▶ _EXERCISE_:
Without any pictures, print exactly the lines that run from the start of the data through the line containing "Historic Map : 1855".

PROVIDED DATA below:

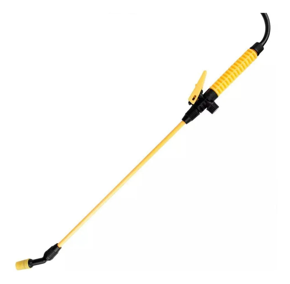 A ponta ajustável permite o controle da vazão de líquido conforme a necessidade, e a bomba de alta pressão ajuda na aplicação do produto, alcançando ampla área de superfície com uma única carga.
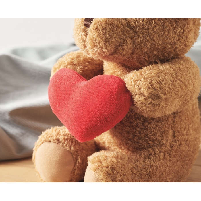 Plyšový medvídek z polyesteru s červeným srdíčkem. Vyšívané oči, nos a pusa. Rozměry: 23 cm
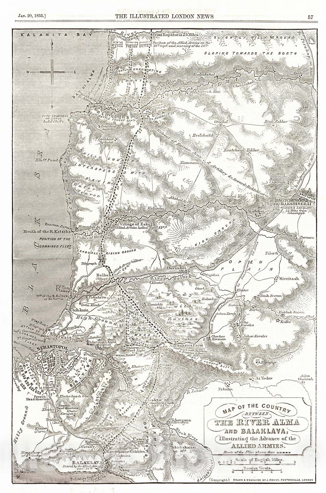 Historic Map : 1855 Map of the Country between the River Alma and Balaklava, Illustrating the Advance of the Allied Armies : Vintage Wall Art
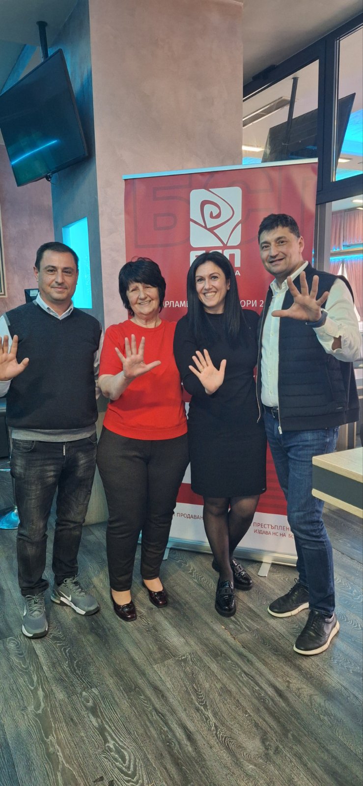 “Другите два основни стълба в програмата на БСП – Обединена левица са извършването на финансова и политическа децентрализация, чрез които да се постигне реална власт за общините и хората. И едно от най-важните неща – да има мир и национален суверенитет“, категорична бе Гергана Орманлиева.
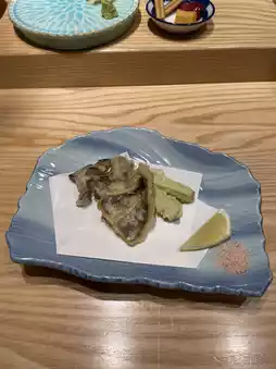 Maitake mushroom, asparagus, sea eel tempura, crispy paste is thin and not greasy, the mushroom flavor of dance mushroom is rich; asparagus is crispy; sea eel is soft and smooth.
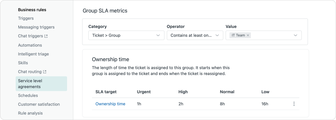 Once the ticket leaves the original group the respond time is out of their control, putting metrics like next reply time or full resolution time at risk of breaching.
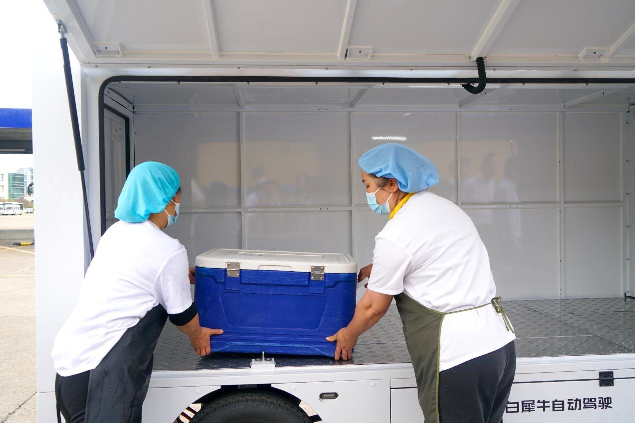 图为工作人员将员工餐装上无人物流车
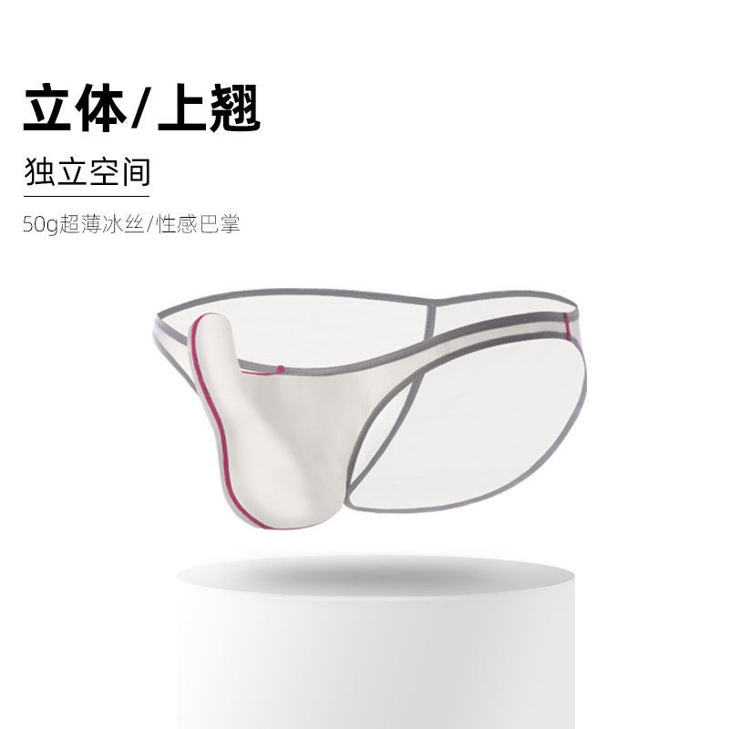 Two pieces of men's underwear transparent solid color non-marking breathable low-rise briefs hollow ring belt sexy personality
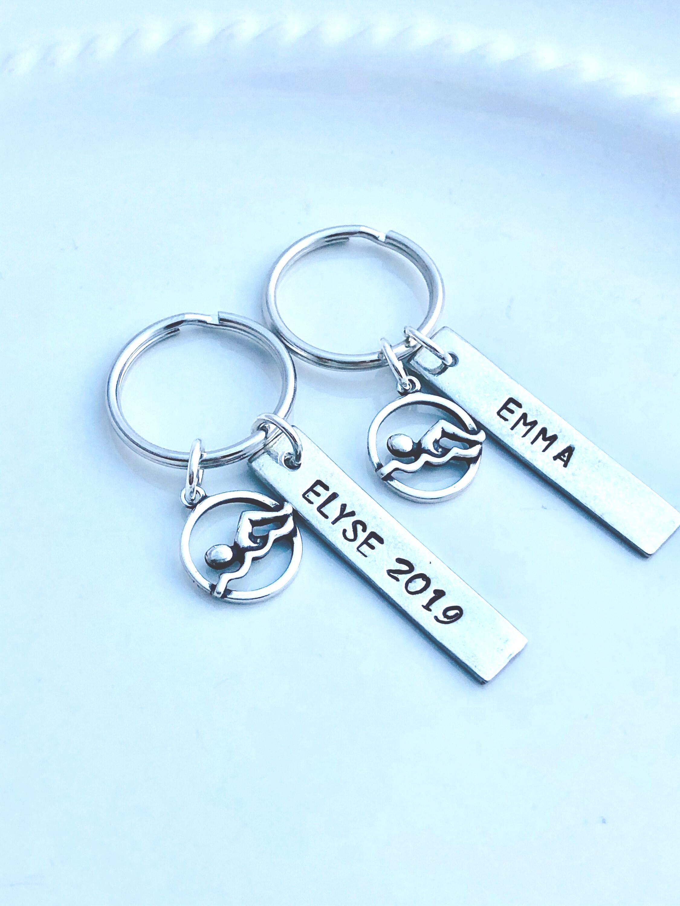 Includes hand stamped bar charm, key chain and your choice of swimmer charm.
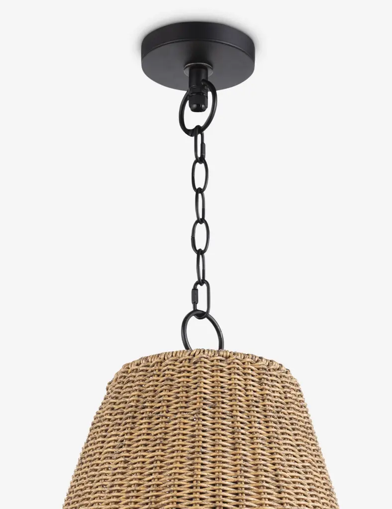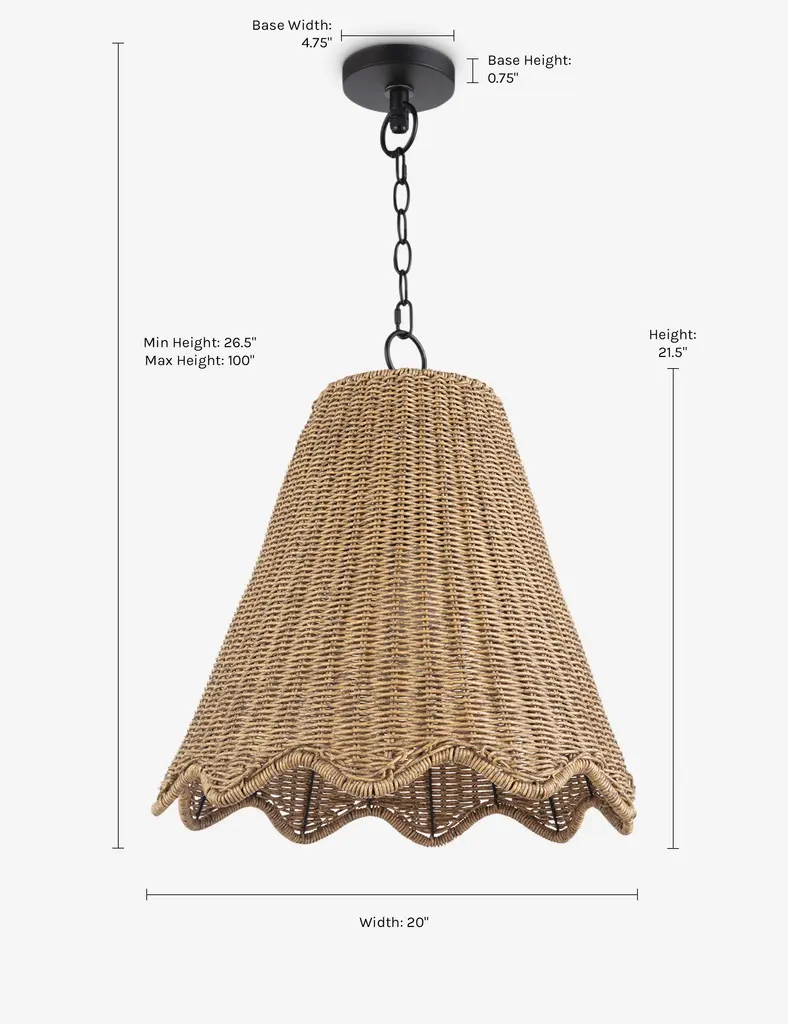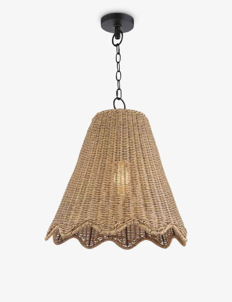 Add a touch of charm to your lighting design with this wicker pendant light. The basket shade features a classic tapered silhouette with scalloped edges for a chic look. This pendant is wet-rated and woven with a durable rattan-like cord to bring fresh texture to outdoor lighting.

End of PROVIDED DATA.

▶ _SOLUTION_:
 A ponta ajustável permite o controle da vazão de líquido conforme a necessidade, e a bomba de alta pressão ajuda na aplicação do produto, alcançando ampla área de superfície com uma única carga.
 Plyšový medvídek z polyesteru s červeným srdíčkem. Vyšívané oči, nos a pusa. Rozměry: 23 cm
 Historic Map : 1855 Map of the Country between the River Alma and Balaklava, Illustrating the Advance of the Allied Armies : Vintage Wall Art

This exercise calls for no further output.